To find: first five terms of the geometric sequence and the common ratio. Write the nth term of the sequence as a function of n .

Answer to Problem 29E

First five terms of the geometric sequence are $6,-9,\frac{27}{2},-\frac{81}{4},\frac{243}{8}$ respectively.

Common ratio of the sequence is $-\frac{3}{2}$ .

An expression for nth term of the sequence is $a_n=6{\left(-\frac{3}{2}\right)}^{n-1}$ .

Explanation of Solution

Given information:

An sequence is given with first term $a_1=6$ and a recurrence relation $a_{k+1}=-\frac{3}{2}{a}_k$ .

Concept used:

The $n$ th term of geometric sequence has the form $a_1=a_1{r}^{n-1}$ where $r$ is the common ratio of the consecutive terms of the sequence.

Every geometric sequence can be written in the following form.
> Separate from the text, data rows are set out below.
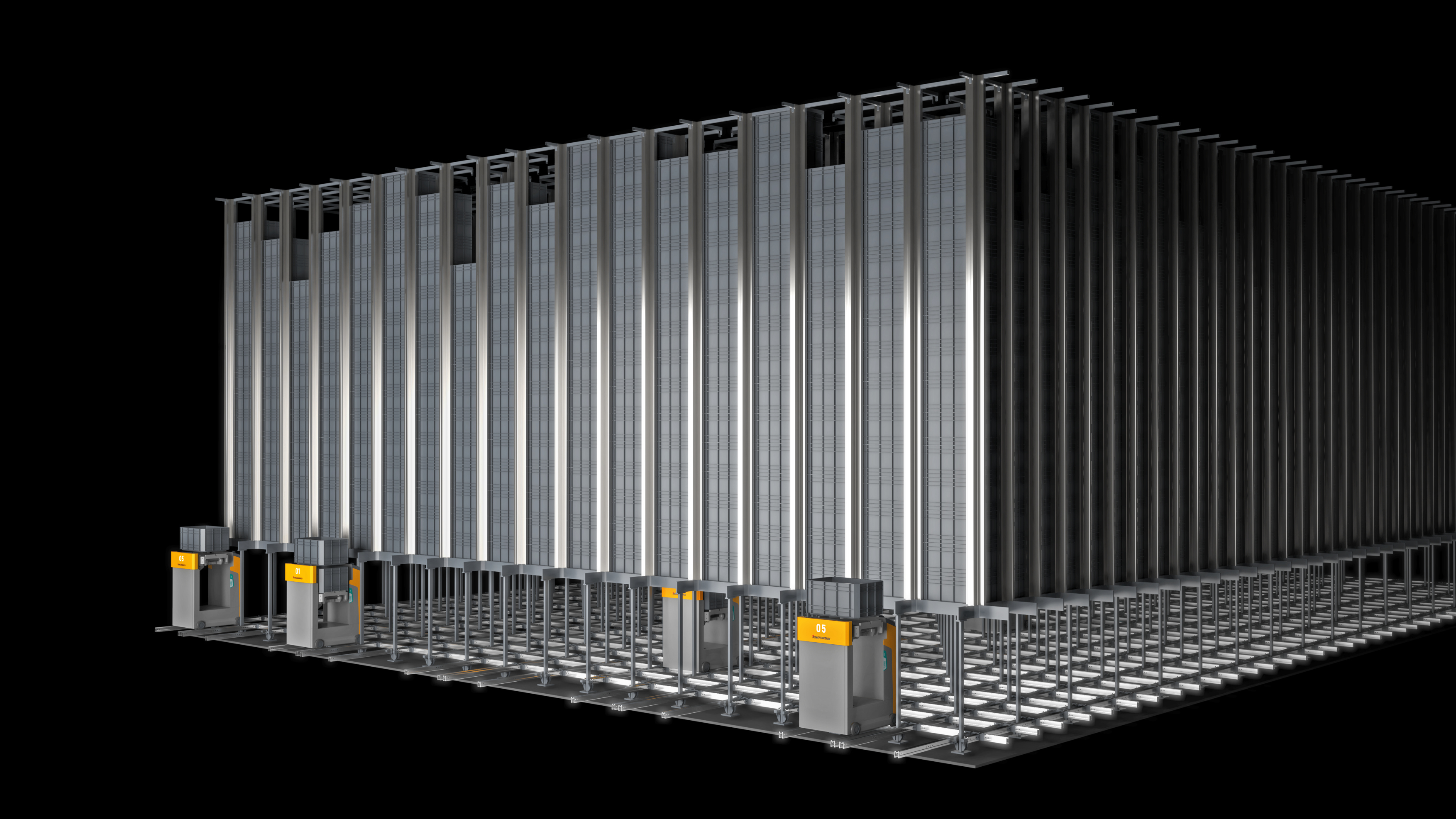PowerCube es un sistema de almacenamiento compacto automatizado para contenedores que proporciona almacenamiento y preparación de pedidos particularmente compactos para piezas pequeñas y carga general. Los contenedores se apilan unos encima de otros en canales verticales de hasta 12 m de altura dentro del sistema de estanterías modulares de PowerCube. Esta altura del sistema permite un almacenamiento de contenedores especialmente eficiente en el espacio en el área más pequeña posible. Los contenedores se almacenan y recuperan mediante lanzaderas PowerCube especialmente desarrolladas que se mueven automáticamente debajo del sistema de estanterías. Gracias a este principio, PowerCube ofrece la ventaja decisiva sobre otros sistemas de almacenamiento compactos, ya que el almacén se puede construir hacia arriba de manera flexible y también se puede adaptar a formas de techo individuales.
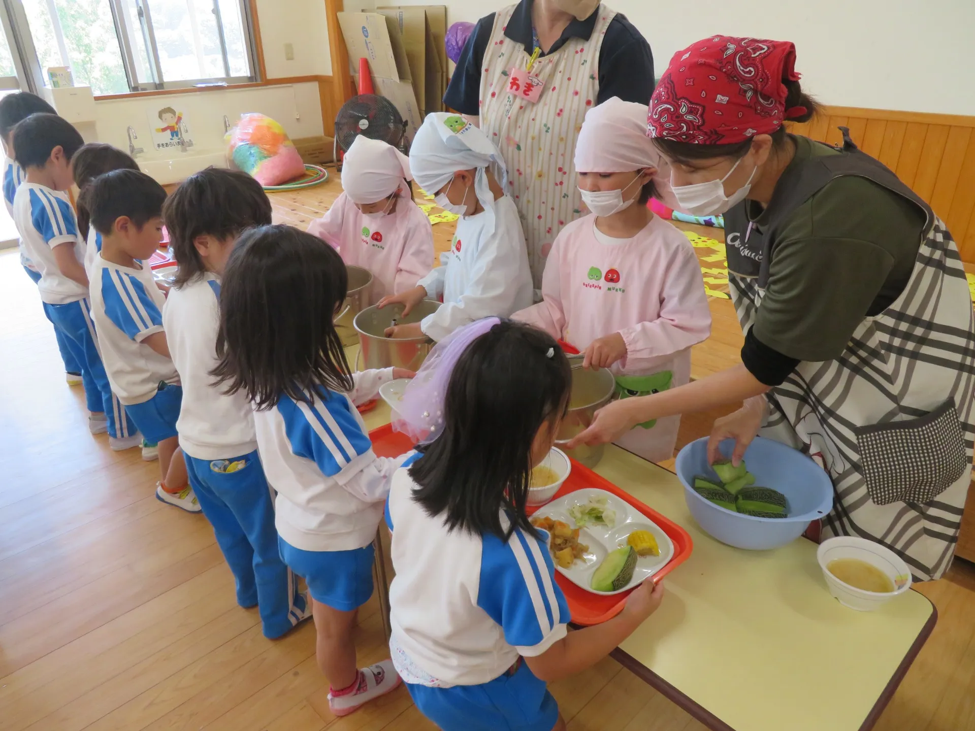 A組★給食配膳始まりました♪
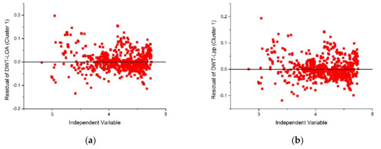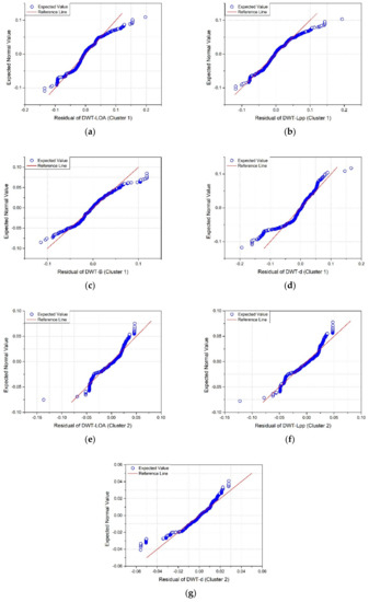 In this study, to examine whether the results of the linear regression analysis of the log-transformed graph above were properly derived, the equal variance of the residuals and the normality of the distribution were reviewed. The analysis result of the Normal Q-Q plot is shown in Figure 17. Homoscedasticity refers to the homogeneity of variance, and it means that scores are equally spread across different groups to be compared. As the results show, the residual distribution of Cluster 1 and Cluster 2 was analyzed to have homoscedasticity.
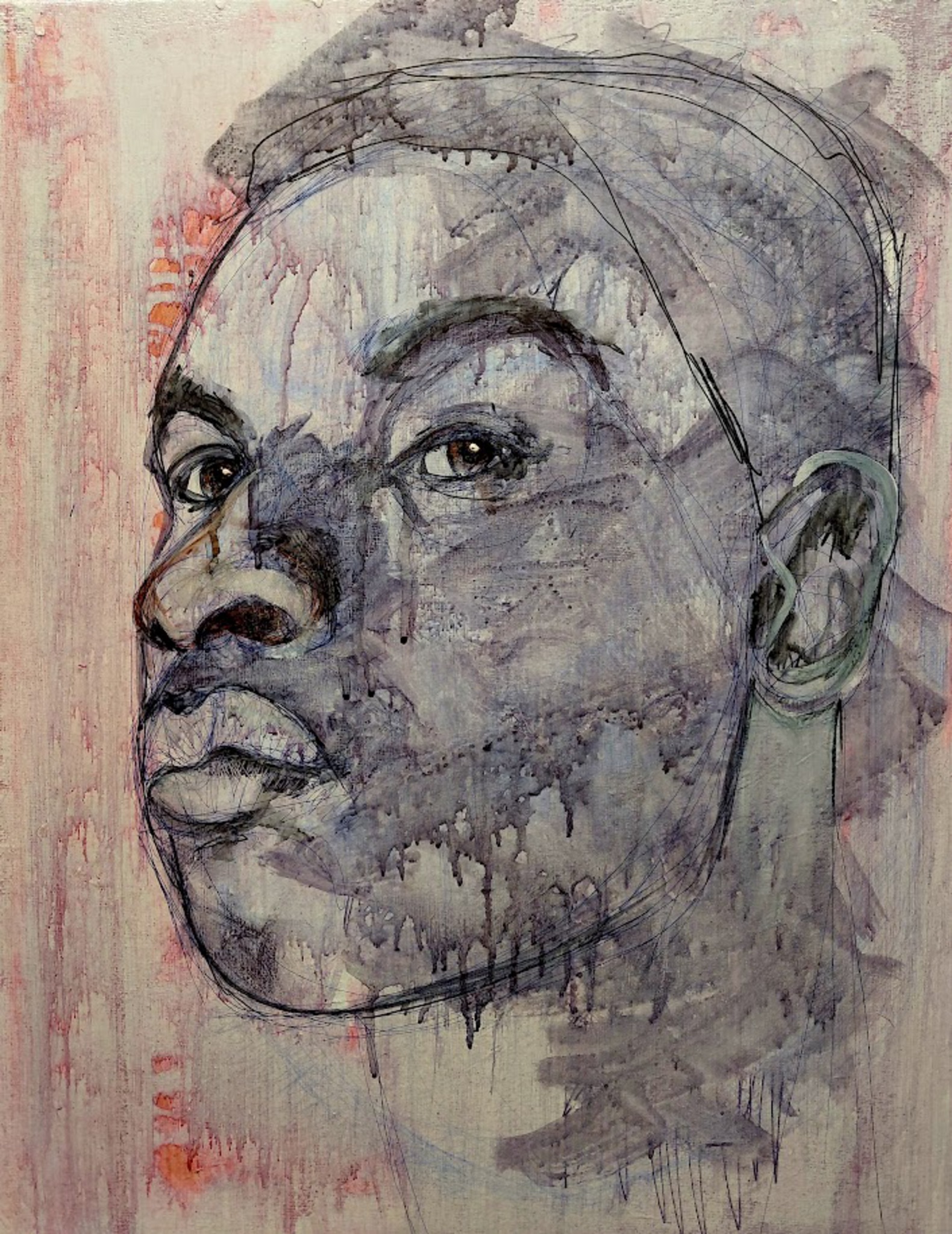 Een indringend portret waarin emotie en gelaagde texturen samenkomen. De vloeiende drips en schetsachtige lijnen vangen kwetsbaarheid, kracht en een stille, naar binnen gerichte blik.

  $a_1=a_1,a_2=a_{1}r,a_3=a_1{r}^2,a_4=a_1{r}^3,\mathrm{...},a_n=a_1{r}^{n-1},\mathrm{..}$

Calculation:

Now, consider the first term.

  $a_1=6$

And

  $a_{k+1}=-\frac{3}{2}{a}_k$

First five terms of the sequence can be found by substituting 1, 2, 3, 4, and 5 for kas shown:

  $\begin{array}{l}{a}_2=-\frac{3}{2}{a}_1=-\frac{3}{2}\times 6=-9\\ a_3=-\frac{3}{2}{a}_2=-\frac{3}{2}\times \left(-9\right)=\frac{27}{2}\\ a_4=-\frac{3}{2}{a}_3=-\frac{3}{2}\times \frac{27}{2}=-\frac{81}{4}\\ a_5=-\frac{3}{2}{a}_4=-\frac{3}{2}\times \left(-\frac{81}{4}\right)=\frac{243}{8}\end{array}$

Hence, the first five terms of the sequence are $6,-9,\frac{27}{2},-\frac{81}{4},\frac{243}{8}$ respectively.

The common ratio can be found by dividing first term by second term.

  $\begin{array}{c}r=\frac{a_2}{a_1}\\ =\frac{-9}{6}\\ =-\frac{3}{2}\end{array}$

Therefore, the common ratio is $-\frac{3}{2}$ .

Now, the expression for nth term can be found as

  $\begin{array}{c}{a}_n=a_1{r}^{n-1}\\ =6{\left(-\frac{3}{2}\right)}^{n-1}\\ a_n=6{\left(-\frac{3}{2}\right)}^{n-1}\end{array}$

Hence, the expression for nth term of the sequence is $a_n=6{\left(-\frac{3}{2}\right)}^{n-1}$ .